Directions —
Please transcribe the data exactly as shown, skipping the images.

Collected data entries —
━━━━━━
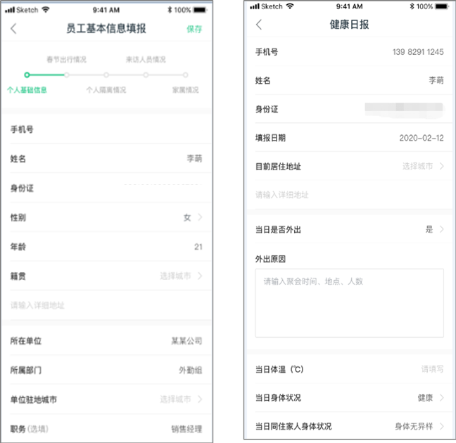 航小慧作为针对疫情阶段为多类型组织机构提供的管控工具,面向的用户群体包括社区、大型集团公司、学校等组织。不同的用户群体在针对疫情管控的方向不同,重点不同,导致了填报的单据模版需求不同。航小慧为了解决各个组织的管控点不同的问题,通过设计可个性化定制填报单据,实现多组织的不同管控需求。
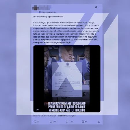 Conteúdo investigado: Posts dizendo que o ministro da Justiça, Ricardo Lewandowski, teria mentido ao dizer que não negou pedido de apoio do governo do Rio de Janeiro em relação à megaoperação que deixou 121 mortos na capital fluminense.
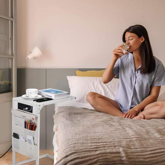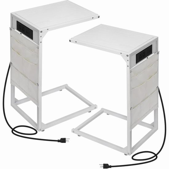 白菜价!历史新低!OYEAL 带充电站+插座 C形边桌/床头柜2件套3.8折 45.98-46.98加元包邮!单价仅22.99加元!2色可选!
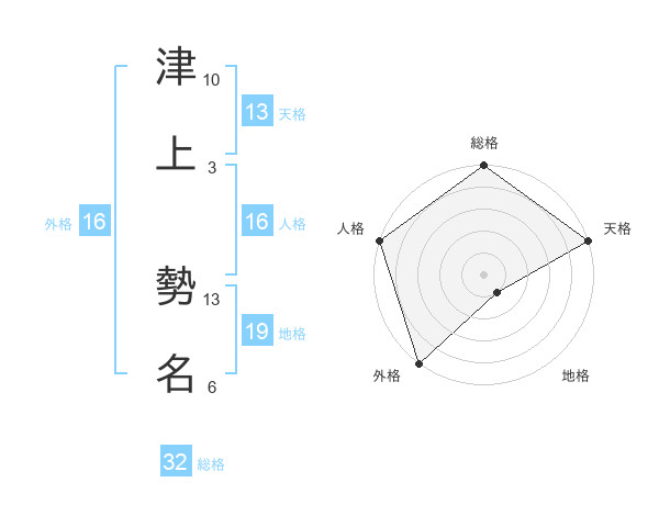 津上 勢名さんの総格は32画の5点!
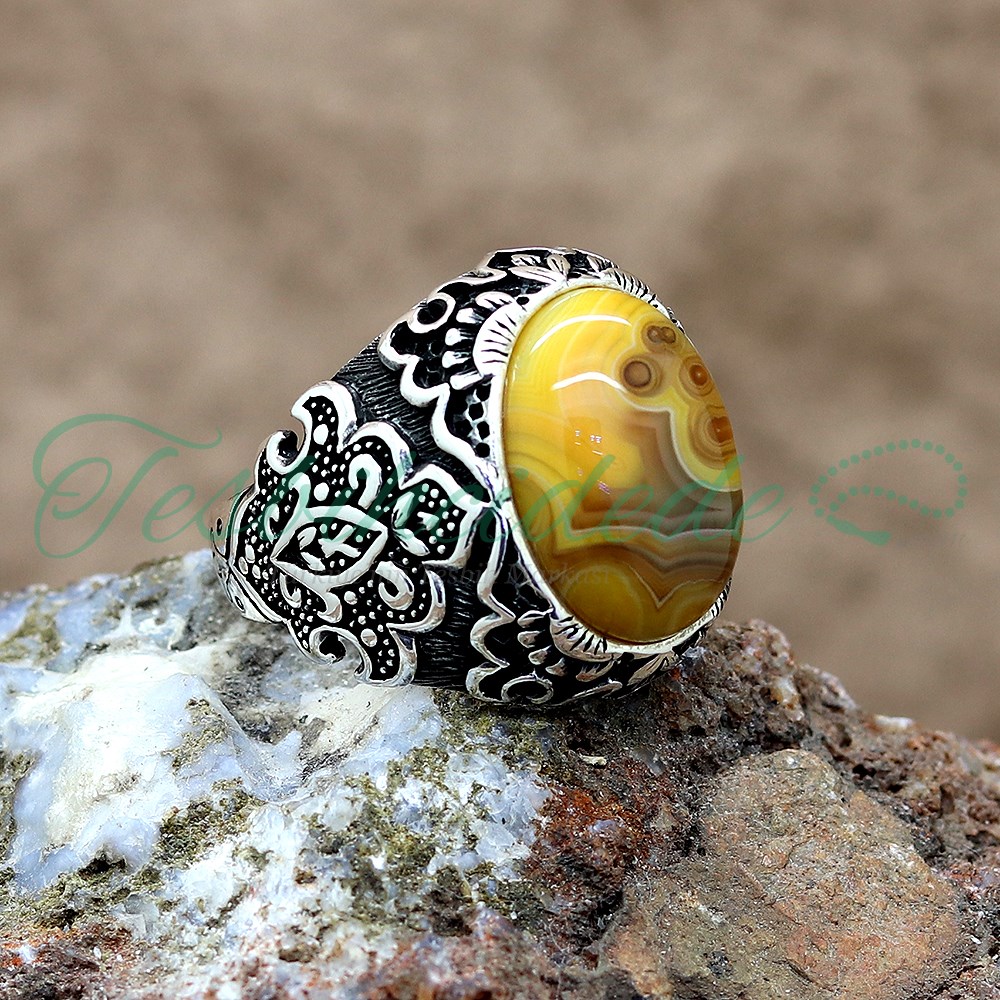 925 Ayar Gümüş Motifli Hint Akik Taşlı Erkek Yüzük |
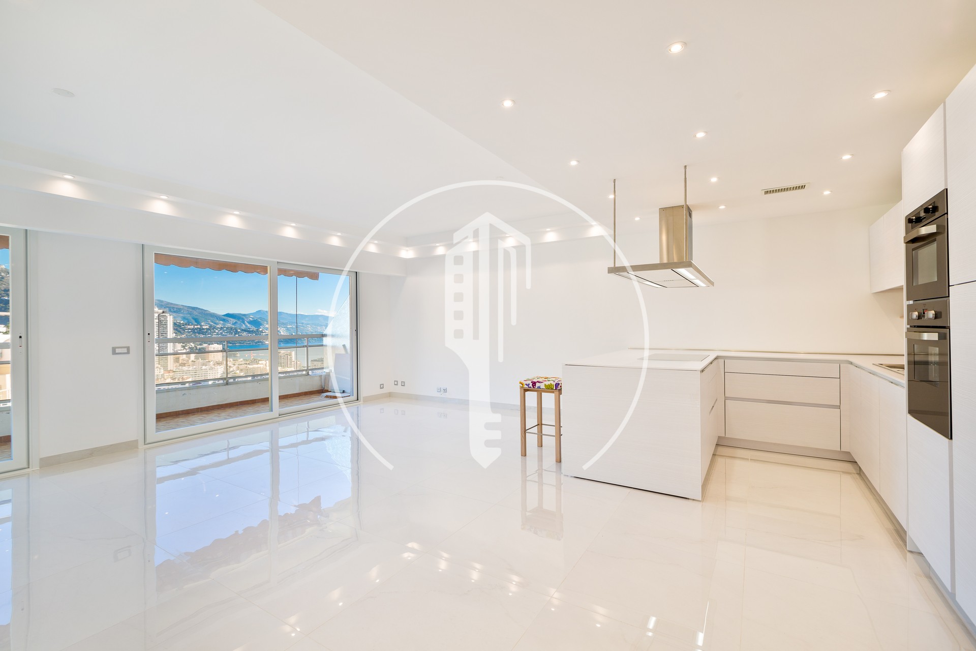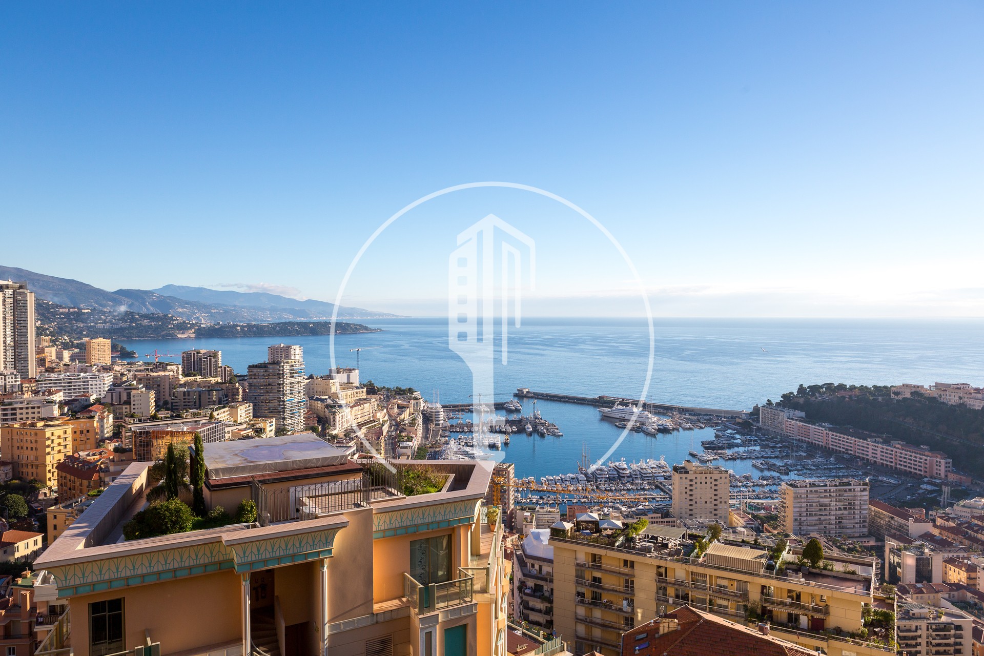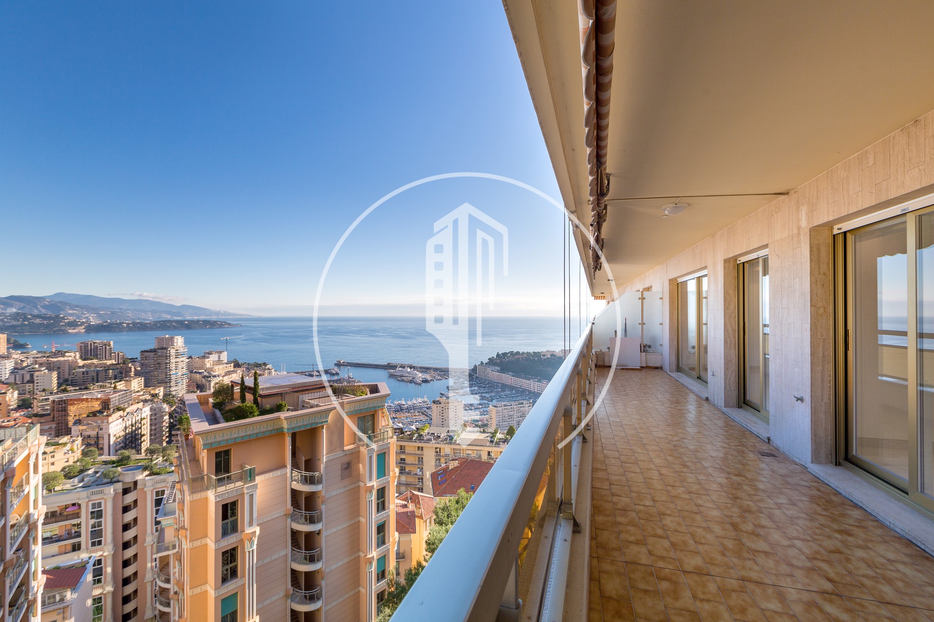 Con una superficie interna di 90,68 mq e una terrazza di 27,70 mq, situato a un piano alto, questo luminoso trilocale gode di una notevole vista panoramica sul mare e sul porto di Monaco.
━━━━━━
Finished task —
 航小慧作为针对疫情阶段为多类型组织机构提供的管控工具,面向的用户群体包括社区、大型集团公司、学校等组织。不同的用户群体在针对疫情管控的方向不同,重点不同,导致了填报的单据模版需求不同。航小慧为了解决各个组织的管控点不同的问题,通过设计可个性化定制填报单据,实现多组织的不同管控需求。
 Conteúdo investigado: Posts dizendo que o ministro da Justiça, Ricardo Lewandowski, teria mentido ao dizer que não negou pedido de apoio do governo do Rio de Janeiro em relação à megaoperação que deixou 121 mortos na capital fluminense.
 白菜价!历史新低!OYEAL 带充电站+插座 C形边桌/床头柜2件套3.8折 45.98-46.98加元包邮!单价仅22.99加元!2色可选!
 津上 勢名さんの総格は32画の5点!
 925 Ayar Gümüş Motifli Hint Akik Taşlı Erkek Yüzük |
 Con una superficie interna di 90,68 mq e una terrazza di 27,70 mq, situato a un piano alto, questo luminoso trilocale gode di una notevole vista panoramica sul mare e sul porto di Monaco.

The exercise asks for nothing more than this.